Muslim leaders, Islamic organizations meet Osinbajo in Abuja

Vice President Yemi Osinbajo says unity and tolerance are crucial values needed to safeguard peace and stability in a multi-religious society like Nigeria.

Osinbajo gave the position at the Presidential Villa, Abuja, when he received a delegation of Imams, Islamic scholars and Muslim leaders.

The delegation of more than 25 Islamic clerics, intellectuals and leaders of different groups was drawn National Council of Ulamas, Qadiriyya Movement, Fitiyanul Islam of Nigeria, Dariya Sect, National Council of Muslim Youths.

Others include the Muslim Students Society of Nigeria, Jammat Tajdidul Islamy, Salafiyya Youth Movement, Imams from the National Mosque and Legislative Quarters in Apo, Abuja among others.

The gathering discussed issues such as how to promote Nigeria’s unity.

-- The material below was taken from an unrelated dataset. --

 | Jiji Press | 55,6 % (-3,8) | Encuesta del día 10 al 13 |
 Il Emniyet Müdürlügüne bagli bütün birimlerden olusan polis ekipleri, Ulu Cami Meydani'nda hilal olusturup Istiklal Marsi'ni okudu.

Osinbajo noted his delight about receiving the attendees, saying “it is not often that one gets the honour of such a visit.”

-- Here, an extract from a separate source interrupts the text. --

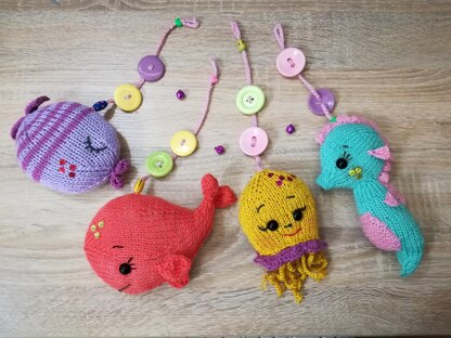 Toy knitting patterns - Knit a Sea dwellers toys for baby mobile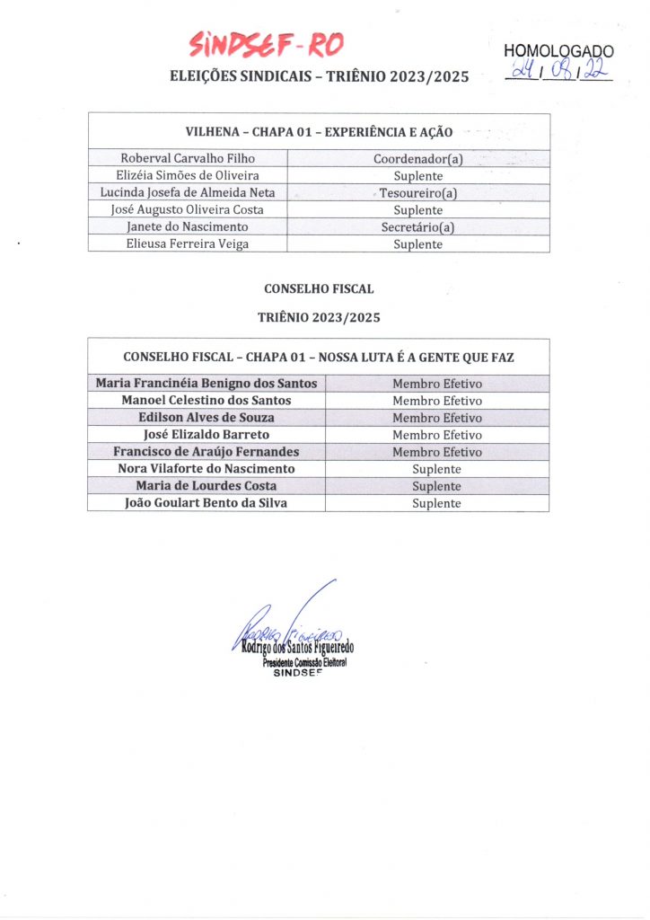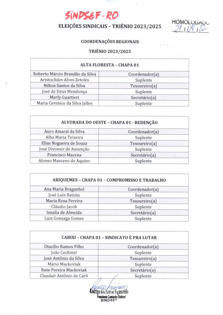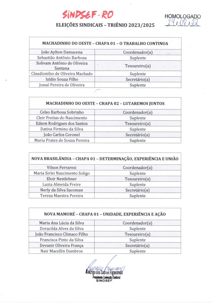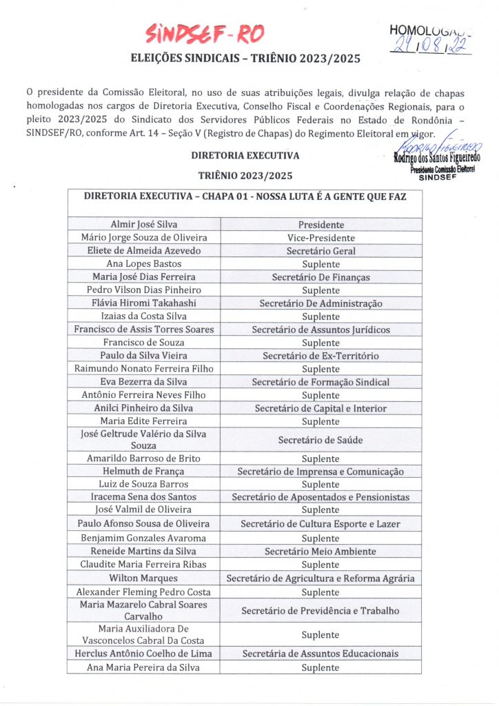 Encerrado o prazo para registro de chapas, análise e homologação, a Comissão Eleitoral informa que a Eleição do Sindicato dos Servidores Públicos Federais no Estado de Rondônia - Sindsef/RO para o triênio 2023/2025 teve chapa única para Diretoria Executiva, Conselho Fiscal e em 19 Coordenações Regionais. Apenas em Machadinho do Oeste terá votação presencial para escolha das chapas concorrentes, a ser realizada no dia 30 de setembro.

Chief Imam, Lagos State House of Assembly, Dr. Abdul Hakeem Abdul Lateef described the VP as a leader who loves all Nigerians irrespective of religious or ethnic differences.

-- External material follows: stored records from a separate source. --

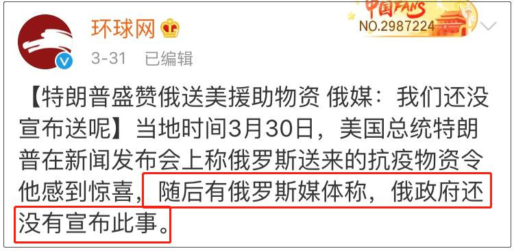 最近,美國總統特朗普感謝了俄羅斯贈送的物資。
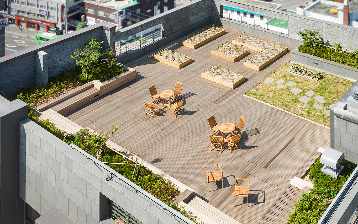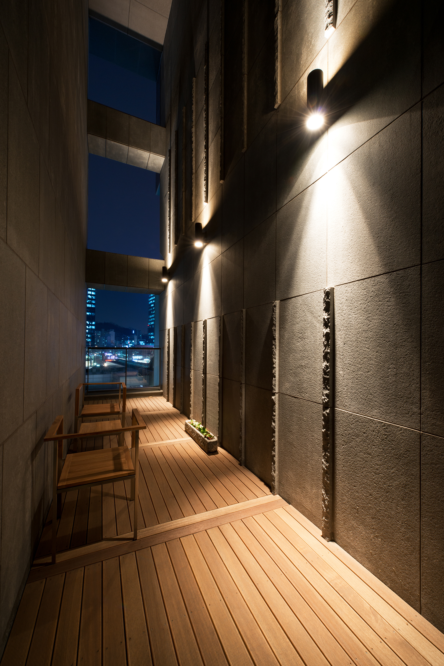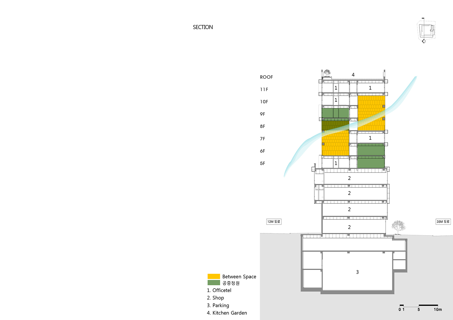세대와 세대 사이에 틈(Between Space)과 공동 데크 또한, 옥상에는 텃밭을 두어 공동체 생활 전체를 더 풍성하게 하고자 하였다. 그 곳에서 그들은 녹색의 자연과 호흡하고 바람과 함께 차를 마시며 일탈을 꿈꾸고 친구들 혹은, 이웃들과 교감할 수 있게 하였다. 특히, 틈새공간의 비움은 일반 오피스텔에서는 경험하지 못하는 개방성과 건물 한 가운데로의 '바람길'을 제시한다. 틈새는 어느 세대 앞에서는 공간을 절개하듯이 3개층이 뚫려져 수평적 투영성과 수직적 관조성이 다이나믹한 공간체험을 가능하게 해준다.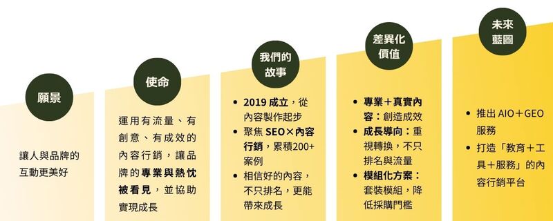 我們的使命,是運用「有流量、有創意、有成效」的內容行銷,讓品牌的專業與熱忱被更多人看見。

“We are here in recognition of your love for all Nigerians and your belief in the harmonious existence of our country. We understand the kind of love you have for all Nigerians.”

Abdul Lateef, a former Commissioner for Home Affairs, said no less than 18 Muslims were part of the senior cadre of Osinbajo’s staff including the Deputy Chief of Staff, Rahman Ade Ipaye.

Leader of the delegation, Prof. Siraj Abdulkarim said they visited Osinbajo because we love this country.”

The scholar said the unnecessary rivalry between Christians and Muslims has to be doused and called on the VP to initiate a programme to promote understanding.

“I am enriched from what I have heard today and I have noted all the issues. I wish we had a bit more time. I agree we should engage more.

“The issues you have raised show us clearly that the future of this country lies with the elites, especially religious and political elites.”

Chief Imam of Abuja National Mosque, Prof. Ibrahim Maqari stressed that religious leaders also have “a duty to pray for Nigeria”.